The isolated apoptotic bodies (SKBR3) or extracellular vesicles (4T1) were lysed with 100 μL of 2% SDS and 1× protease inhibitor (Sigma-Aldrich) and homogenized using a Branson probe sonicator (Fisher Scientific) with an amplitude of 30%, 15 s on, followed by 30 s off in cold water. Samples were centrifuged at 14,000g for 10 min at 4 °C. Supernatant was collected and protein concentrations were measured using a BCA protein assay (Thermo Fisher Scientific). 50 μg of protein per sample was used for subsequent LC/MS analysis. Proteins were reduced in 10 mM TCEP (Sigma-Aldrich) and incubated at room temperature for 1.5 h. Iodoacetamide (Acros Organics) was added to each sample for alkylation of proteins in 1.5-fold molar excess of TCEP, followed by incubation for 45 min at room temperature in the dark. Each protein sample was digested overnight in 50 mM ammonium bicarbonate at 37 °C with 2 μg of trypsin (Thermo Fisher Scientific). The resulting tryptic peptides were vacuum-dried and reconstituted in 100 μL of 0.1% formic acid (Fisher Scientific). Approximately 2 μg (4 μL samples) of tryptic peptides were analyzed using a Dionex Ultimate Rapid Separation Liquid Chromatography system (Thermo Fisher Scientific) coupled to a LTQ-Orbitrap Elite mass spectrometer (Thermo Fisher Scientific). Tryptic peptides were separated using C18-based reverse-phase chromatography. We used a C18 trap column (Thermo Fisher Scientific) and a 25 cm long C18 analytical column (New Objective) packed in house with Magic C18 AQ resin (Michrom Bioresources) in an acetonitrile gradient up to 35% B over 100 min, followed by an increase to 85% B over 7 min, with a 5 min hold (Phase A = 0.1% formic acid in water; B = 0.1% formic acid in acetonitrile) at a flow rate of 0.6 μL/min. The analytical column was re-equilibrated prior to the next sample injection, and each sample was analyzed in triplicate. Briefly, the MS spectra were acquired in a data-dependent fashion in which the top 10 most abundant ions per MS1 scan were selected for higher energy collision induced dissociation (35 eV). MS1 resolution was set at 60,000, FT AGC target was set at 1 × 106, and the m/z scan range was set from m/z = 400–1800. MS2 AGC target at 3 × 104, and dynamic exclusion was enabled for 30 s.

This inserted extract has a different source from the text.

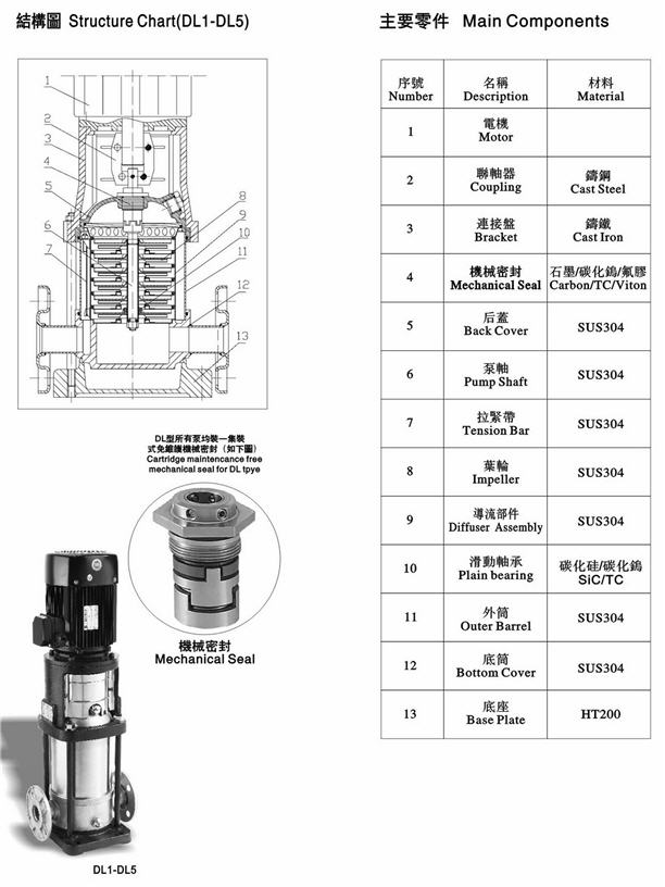 CDLF立式不銹鋼沖壓泵為安裝標準電機的非自吸立式多級離心泵,電機軸通過泵頭用聯軸器直接與泵軸聯接,拉桿螺栓將耐壓筒、過流部件固定在泵頭和進出水段之間,泵進出水口在泵底同一直線上;CDLF不銹鋼立式多級沖壓泵是一種多功能產品,可以輸送從自來水到工業液體的各種不同介質,適應于不同溫度、流量和壓力范圍,CDLF不銹鋼立式多級沖壓泵適用于輕度腐蝕性液體。本泵可根據需要配置智能保護器,對泵干轉、缺相、過載等進行有效保護

The resulting data were searched against the Swiss-Prot database containing the reference mouse proteome (2017; 17,191 entries) (4T1) or human proteome (2017; 20,484 entries) (SKBR3) using Byonic 2.11.0 (Protein Metrics), including the following search parameters: precursor mass tolerance <0.5 Da, fragment mass tolerance <10 ppm, and ≤2 missed cleavages. Cysteine carbamidomethylation (+57.021) was set as a fix modification, and methionine oxidation (+15.994) and asparagine deamidation (+0.984) were set as a variable modification. Peptide identifications were filtered for a false discovery rate of <1%. Protein abundances were calculated as the logarithm of the number peptide spectrum matches after normalization divided by the number of theoretically identifiable peptides (calculated as the number of fully tryptic peptides by in silico digestion within m/z range between 400 and 1800 Th using dbtoolkit)45 according to the iBAQ algorithm.46 Data were analyzed to determine the biological functions of identified proteins, and the proteins were categorized by gene ontology (GO) biological process, GO cellular component, GO molecular function, and biological pathway according to Uniprot database downloaded on February 22, 2019 and analyzed using FunRich 3.1.3.47 Finally, to determine the total number of proteins belonging to different apoptotic processes, the total signal of all proteins classified according to the cancer proteomics database was summed.48
Labeling of ApoBds Using ICG and DiD.
The ReApoBs were labeled with ICG by a conjugation process and with lipophilic dye (DiD) (3 μL of 1 mM concentration), as we published in our previous study.19 Briefly, the NH2-reactive ICG (125 μg) was mixed with 875 μg of protein equivalent of ReApoBds (1:7 dye to protein ratio) in 1 mL of 100 mM sodium bicarbonate buffer (pH 9.5) and kept in a shaker for 1 h with a constant mixing with DiD. After 1 h, the ICG conjugated ReApoBds were washed three times to remove unconjugated ICG before we extruded using a mechanical extrusion process.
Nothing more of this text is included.